> [Exercise prompt]
Strip the pictures and reproduce the rest of the listing exactly.

> [Supplied information]
Segment Open

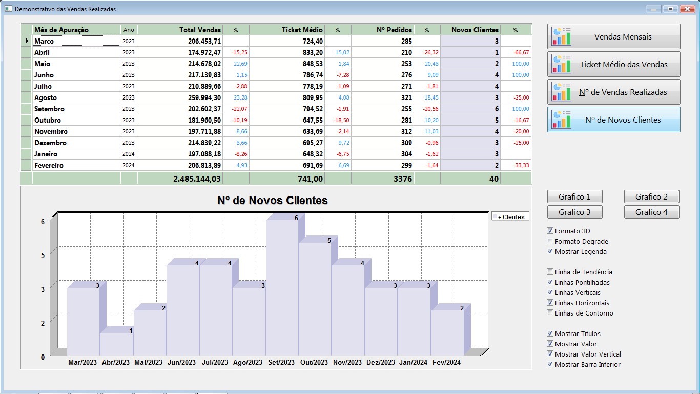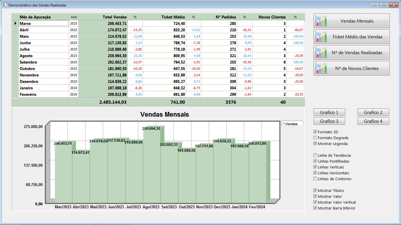 Permite analisar em gráfico, faturamento mensal ou anual.
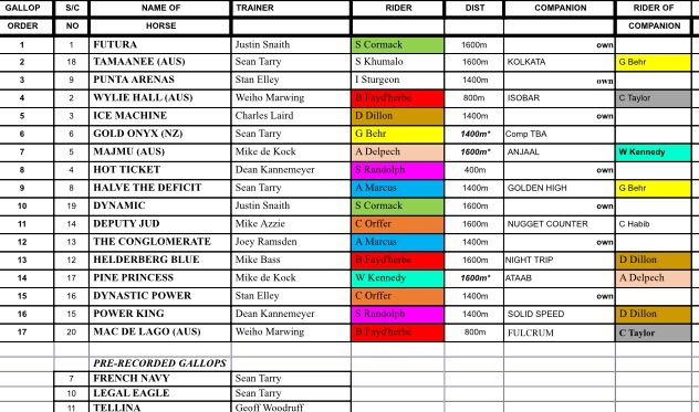 6. Horses will gallop in the following order (where possible due to availability of rider) approx. every 5 minutes - SUBJECT TO CHANGE
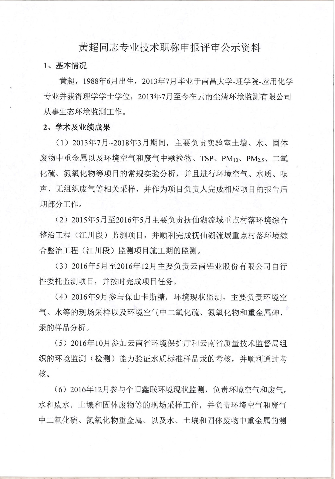 關(guān)于黃超同志申報(bào)工程師專業(yè)技術(shù)職稱的公示(公示時(shí)間:2022年7月8至7月15日)

Segment Closed

> [Exercise solution]
 Permite analisar em gráfico, faturamento mensal ou anual.
 6. Horses will gallop in the following order (where possible due to availability of rider) approx. every 5 minutes - SUBJECT TO CHANGE
 關(guān)于黃超同志申報(bào)工程師專業(yè)技術(shù)職稱的公示(公示時(shí)間:2022年7月8至7月15日)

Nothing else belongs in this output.